# WHAT THIS TASK INVOLVES
What lines below contain the word "Черешня"? Please pull each one out.

# INFORMATION SUPPLIED
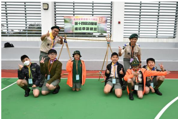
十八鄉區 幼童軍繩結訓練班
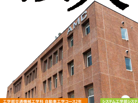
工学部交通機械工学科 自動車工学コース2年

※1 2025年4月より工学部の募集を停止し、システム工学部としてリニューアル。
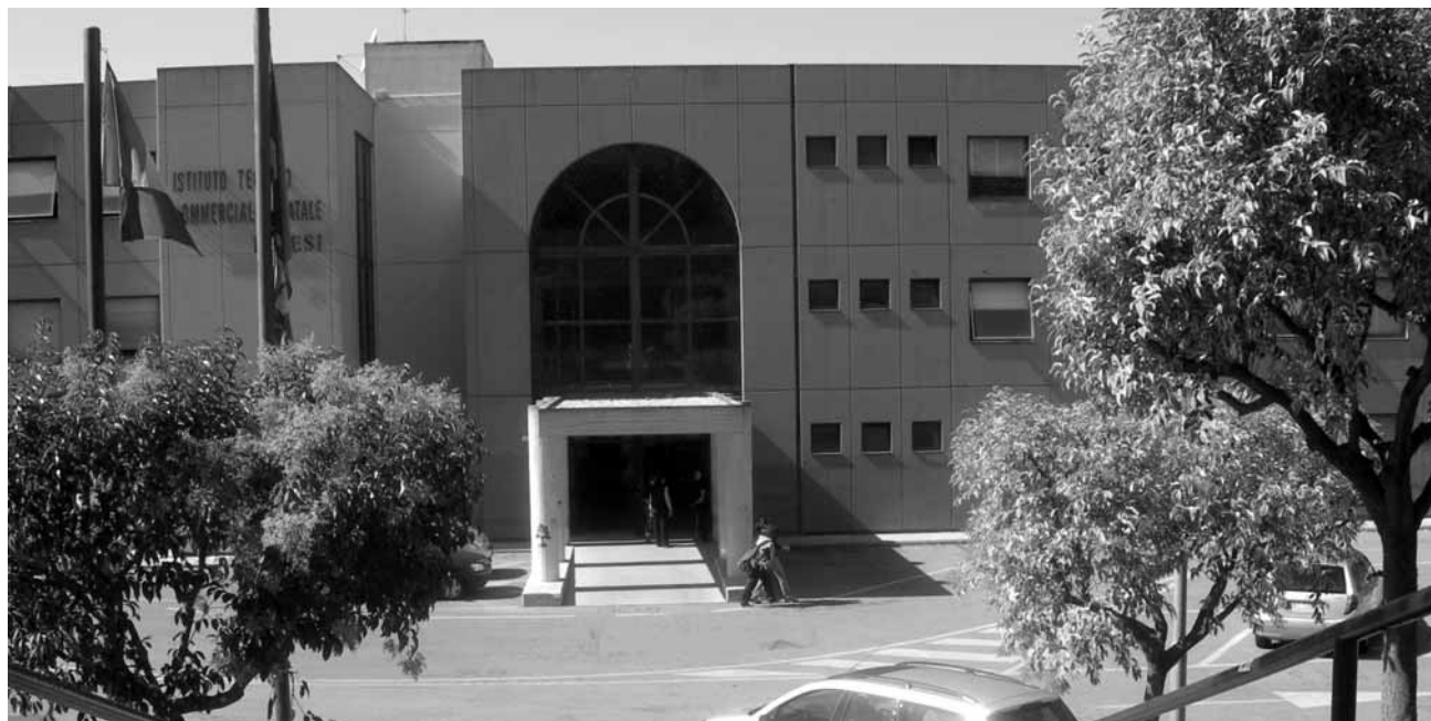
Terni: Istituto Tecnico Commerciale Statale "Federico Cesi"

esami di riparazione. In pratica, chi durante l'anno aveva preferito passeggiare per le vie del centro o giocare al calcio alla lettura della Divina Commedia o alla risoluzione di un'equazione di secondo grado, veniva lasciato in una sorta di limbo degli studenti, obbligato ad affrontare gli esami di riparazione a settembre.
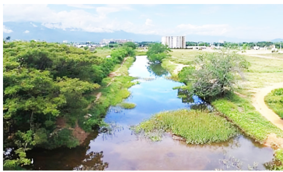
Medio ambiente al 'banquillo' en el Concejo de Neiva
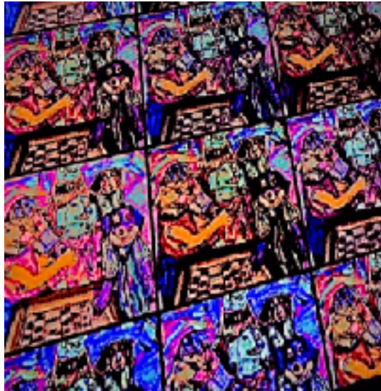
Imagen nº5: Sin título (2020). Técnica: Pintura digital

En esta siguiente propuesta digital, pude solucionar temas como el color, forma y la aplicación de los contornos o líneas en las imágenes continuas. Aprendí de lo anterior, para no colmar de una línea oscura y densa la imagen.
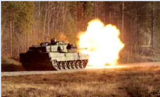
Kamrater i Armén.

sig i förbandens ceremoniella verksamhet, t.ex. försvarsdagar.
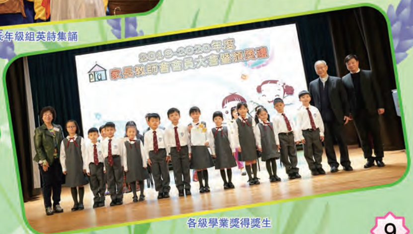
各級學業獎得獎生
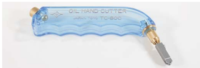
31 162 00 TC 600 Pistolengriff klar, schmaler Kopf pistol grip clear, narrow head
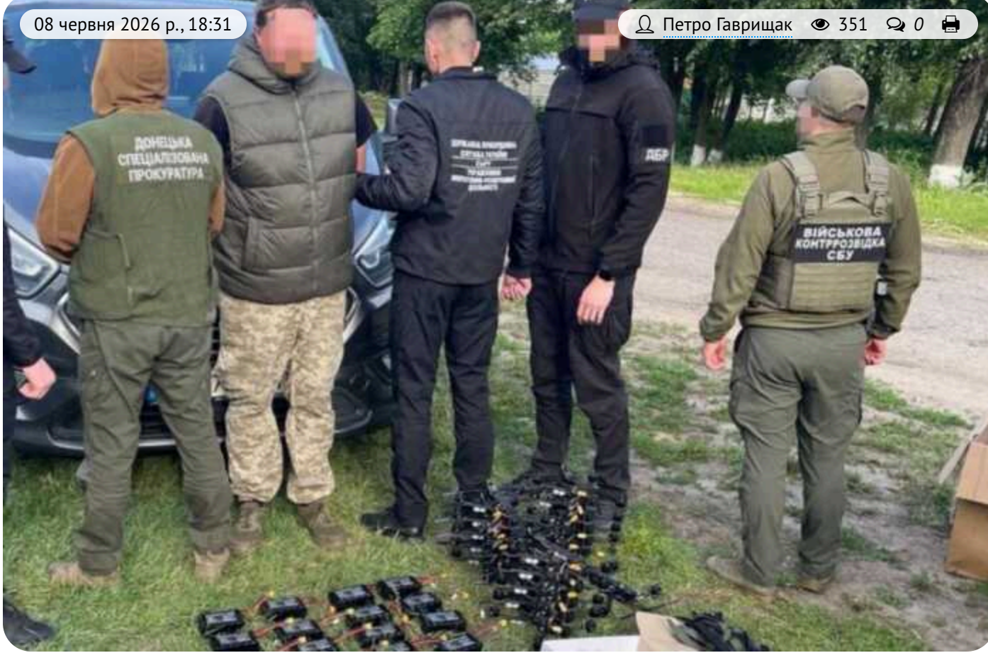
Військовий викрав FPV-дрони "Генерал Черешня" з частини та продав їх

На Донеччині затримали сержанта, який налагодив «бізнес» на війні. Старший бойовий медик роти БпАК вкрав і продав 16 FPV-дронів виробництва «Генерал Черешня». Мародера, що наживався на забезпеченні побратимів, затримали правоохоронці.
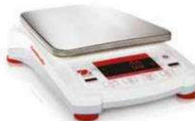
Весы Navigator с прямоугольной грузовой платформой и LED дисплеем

# EXERCISE OUTPUT
Військовий викрав FPV-дрони "Генерал Черешня" з частини та продав їх
На Донеччині затримали сержанта, який налагодив «бізнес» на війні. Старший бойовий медик роти БпАК вкрав і продав 16 FPV-дронів виробництва «Генерал Черешня». Мародера, що наживався на забезпеченні побратимів, затримали правоохоронці.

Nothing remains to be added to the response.